In another sheep, increased tonus of the reticulum and rumen was detected at 8 hours, with reductions in the amplitude of rumen contractions. These effects were no longer detectable by 18 hours. During the 24- to 48-hour period, all food provided to this sheep was eaten, but feces produced were moist, compared with their normal character. In the remaining sheep, the least effects of treatments were detected; after 9 hours, the rumen had increased tonus for 2 hours. No subsequent effects on food intake or fecal characteristics were apparent.

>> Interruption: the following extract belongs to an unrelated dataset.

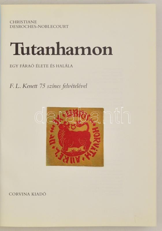 Christiane Desroches-Noblecourt: Tutanhamon. Egy fáraó élete és halála. Bp.,1985, Corvina. Kiadói egészvászon-kötés, kiadói papír védőborítóban. Ex Libris Dr. Horváth Aurél.
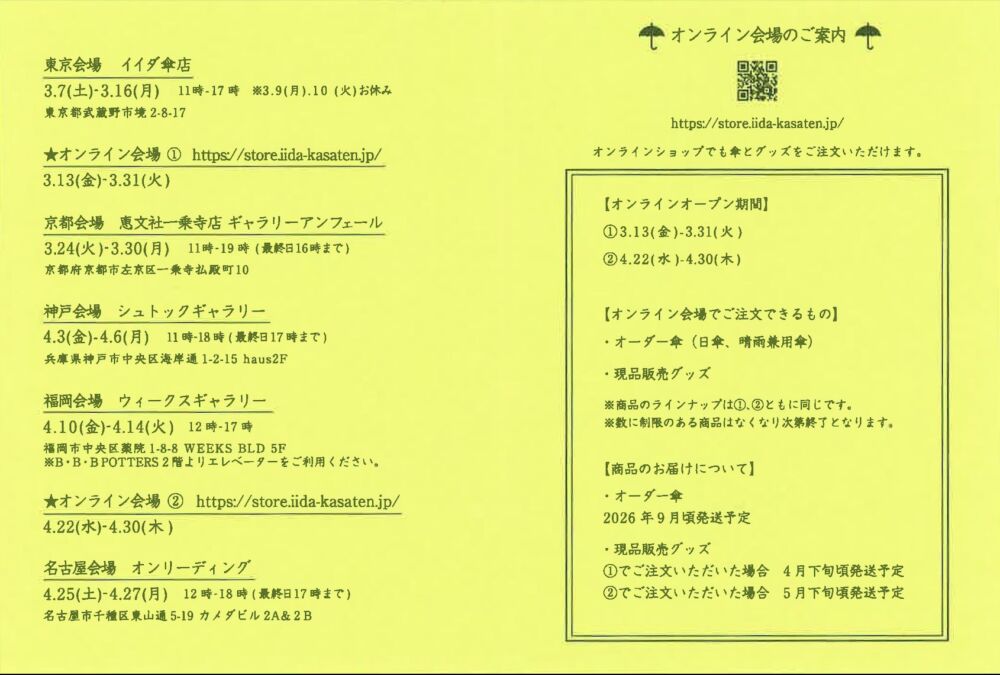 イイダ傘店 春の受注会 東京会場 開催日 2026年3月7日(土)〜16日(月) ※9日(月)10日(火)休み 時間 11:00〜17:00 会場 イイダ傘店〒180-0022 東京都武蔵野市境2-8-17 Web http://iida-kasaten.jp/archives/8315 Instagram @iidakasaten

Clinical observations—The effects of the ergopeptides on character and rate of respiration in all sheep were closely monitored because these variables were a sensitive indicator of the sheep's well-being in response to ergopeptides in a previous study.8 One of the 3 sheep had a marked response in respiration (slow rate and deep breaths, as previously reported8) and motility of the reticulum and rumen after the highest IV dose of ergotamine, and this, together with the stronger potency of ergovaline,8 led to the maximum dose of ergovaline being halved for the remaining experiments. Generally, the sheep started to ruminate between 3.5 to 5 hours after receiving ergotamine IV and 2 to 2.5 hours after receiving ergovaline IV at the highest doses and within 10 to 60 minutes of receiving water or ergotamine intraruminally. Sheep continued to ruminate with long bouts of rumination (30 to 45 minutes' duration) over the 2- to 5-hour period after IV administration of the ergopeptides. This pattern was similar to that detected during the control experiments.
Following the experiments, the sheep were returned to their pens, where they immediately ate freshly provided food. Temperatures of their extremities were monitored by touch for several days and found not to change. Skeletal muscle tremors were not induced by either IV or intraruminal administration of the ergopeptides.
Discussion
The results of the present study have indicated that the ergopeptides ergotamine and ergovaline have profound and similar effects on motility of the reticulum and rumen of sheep. The effects detected were both excitatory and inhibitory: excitatory with regard to the baseline EMG activity of the reticulum and rumen and the amplitude of A sequences of contraction of the reticulum and inhibitory with regard to the frequency of A and B sequences of contraction of the reticulorumen.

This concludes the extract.